At the darkest age for prog (the late 80's), came one French group that pulled a symphonic album (Légendes) that sounded completely caught in a weird time warp. Their second (and last) La Couleur Du Feu (The colour of fire) came out some 5 years later and symphonic prog was on the upswing, due to the Swedish trilogy AglaDotenBerk and other parts of the world picking up on the ashes that had been cooling away for well over a decade. Built upon the previous French group's ashes Elohim (even if the Trutet brothers would leave between the two albums), Hecenia represent a bit the phoenix rising from the ashes of the fire whose colours might just be the subject here. All of the tracks come with a subtitle, but there does not seem to be a concept behind this fully instrumental symphonic prog that borrows heavily in the classical music with some new age moments, such as La Roue Du Temps.

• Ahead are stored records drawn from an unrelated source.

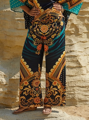 Pantalones de pierna ancha con estampado de cítricos navideños y aspecto de lino vaporoso.
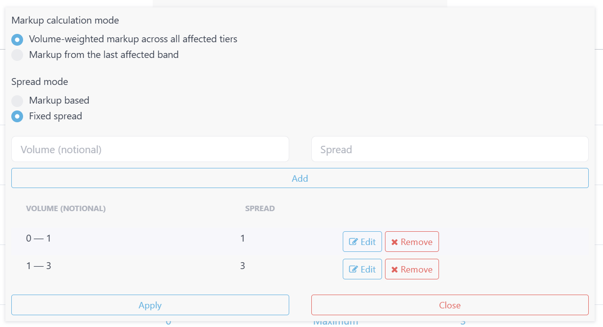 - We have introduced the ability to set spread values for Volume-Based Markup parameters in FIX session set profiles.
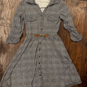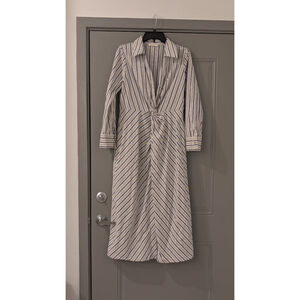 STRIPED WOVEN LONG SLEEVE SHIRT DRESS
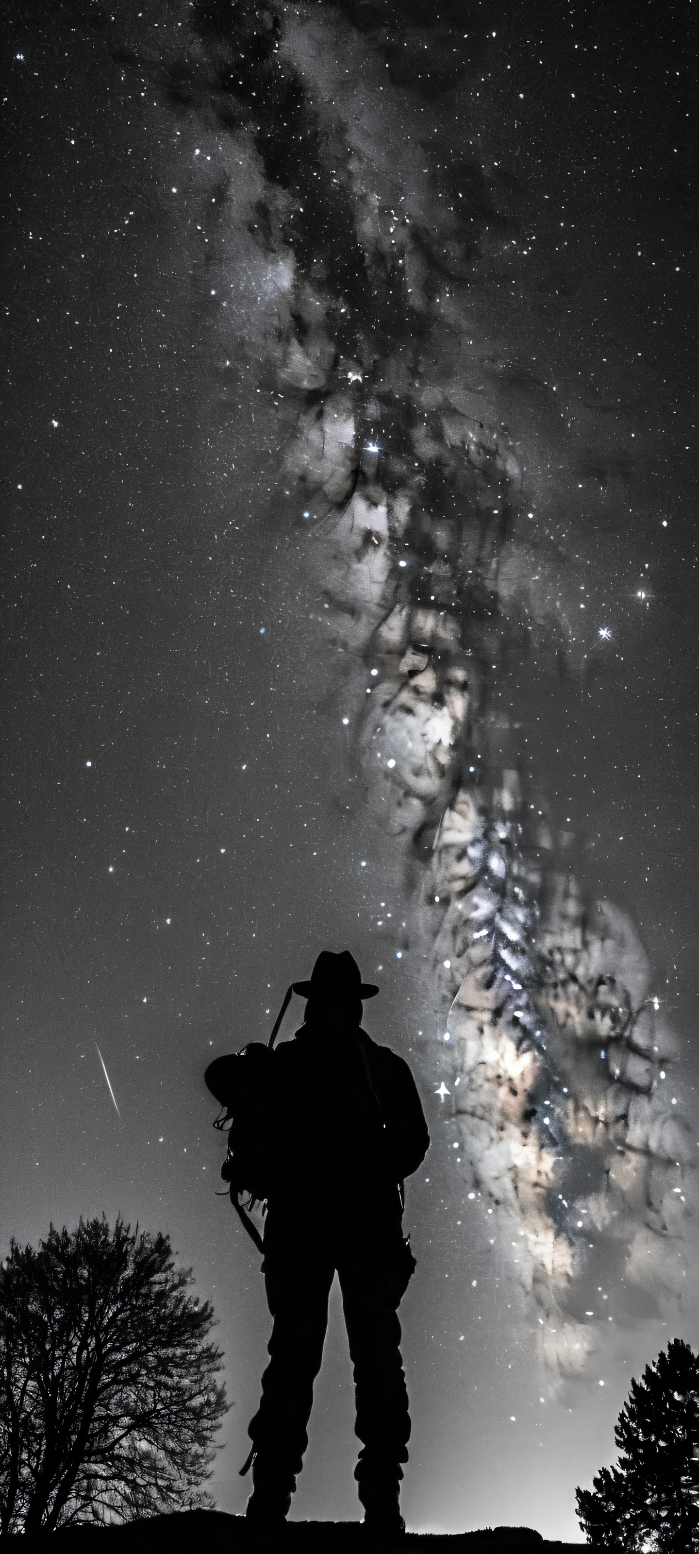 A lone explorer stands out against a breathtaking starry night sky on an iPhone or Android device.

The first part of the album (that we could almost name side 1) is made of fairly short tracks (three of them around the 2-min limit) surrounding two longer ones. None of those short tracks are of much interest (often sounding like new age interludes) and even the 7-mins Empreinte D' Uranus (your anus's footprint ;-) is rather tame and aimless, while Dialogue H2O (also plagued with the era's keyboards sounds) is rather unappealing until Delphine's Harp comes in the track. But the harp's appearance actually takes away any kind of rock influences until the "church organ" comes back, bringing along the bass and drums. While the second part of the track is better, unfortunately I fail to really catch on.

The second part of the album is the 24-minJardin Ethernels (Ethernal Gardens) and unfortunately does not bring much more than the previous tracks had. Actually I sense that there is a strong pretension that sorts of reduces the enormous amount of labour of love invested in such a project to a bit of futile and pompous new age mental masturbation, without ever reaching the orgasm. Between Rondo Veniziano, Rieu and Vollenweider.

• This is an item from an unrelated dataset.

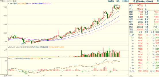 当日(20251126),期货品种苹果AP2601合约高位震荡,当日收至9531点,较昨日上涨1.18%,全日成交180848手,持仓143791手,较上一交易日增加19254手。
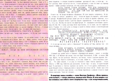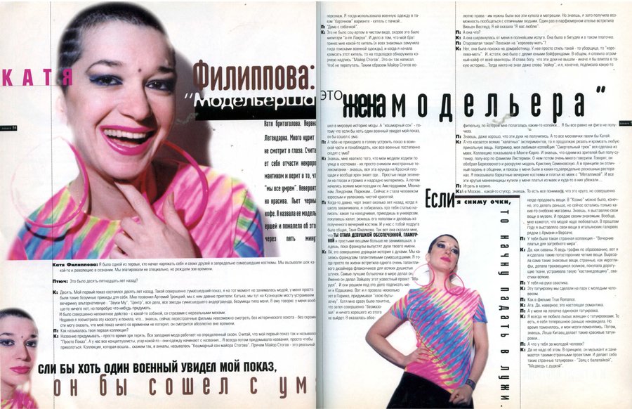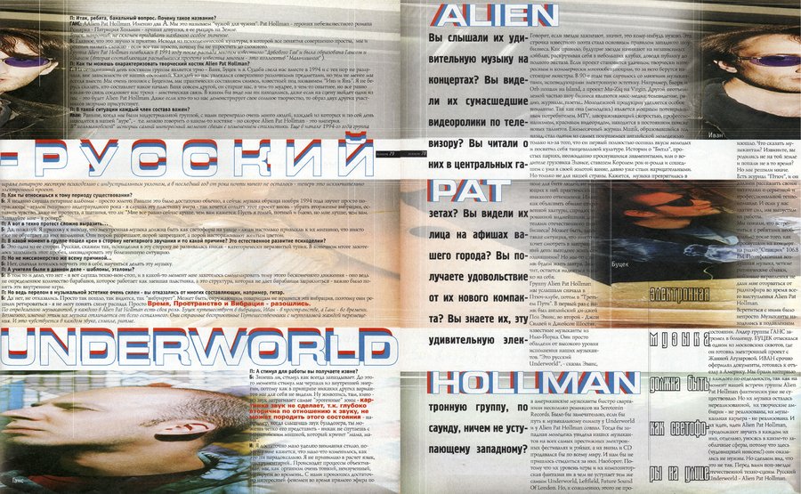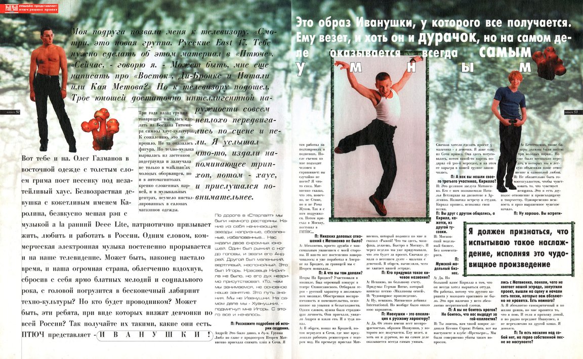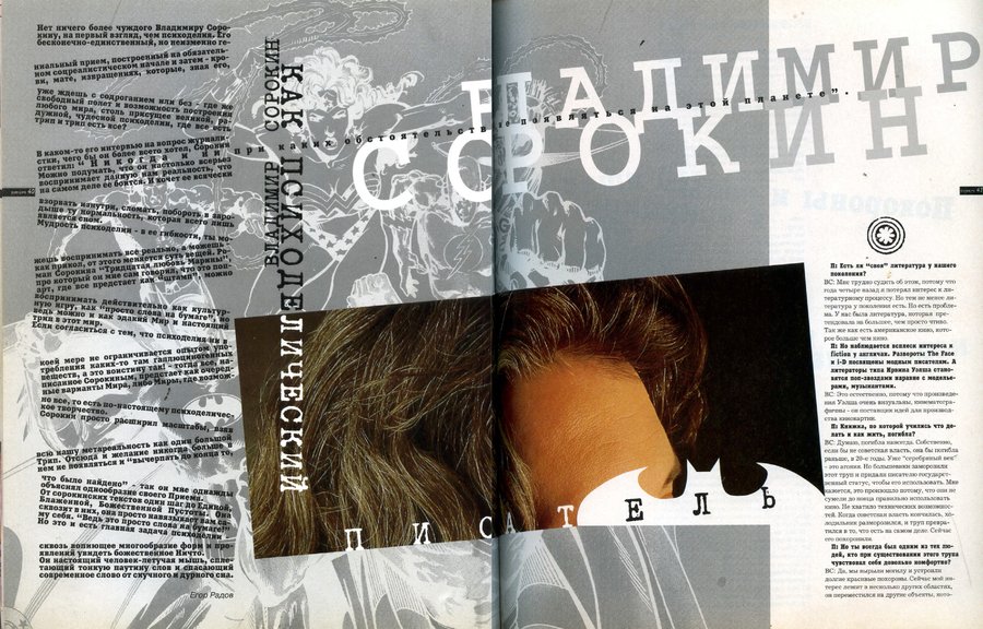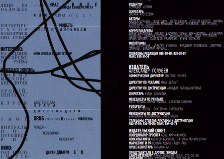 Журнал брал интервью у известных, нередко скандальных личностей из разных сфер: музыка, кино, литература, мода. Страницы были посвящены творческим личностям — Владу Монро (Владиславу Мамышеву-Монро), ключевым фигурам литературного андеграунда, таким как Владимир Сорокин, а также популярным музыкальным коллективам — «Иванушки International». Помимо них, журнал брал интервью у актрисы Ингеборги Дапкунайте, художника и дизайнера Андрея Бартенева, а также знакомил свою аудиторию с творчеством зарубежных икон, перепечатывая и публикуя интервью с такими авторами, как Уильям Берроуз, Аллен Гинзберг и Чарльз Буковски.

A valiant try, close but no cigar, this is the type of second-rate album that does not really bring much to the prog realm: ultra-symphonic new-agey prog that actually gives dredit to prog detractors, feeding their arguments. Not as bad as I make it out to be, but pointless and filled with irritating early-90's twists that makes it sound so dated (drums sound not excepted either). Unless you really have time and money for this, better stay away. I can only picture those that discovered this album upon the time of release liking this album, most of the other progheads probably having thousands of better albums before finally scraping such bottom of the barrel.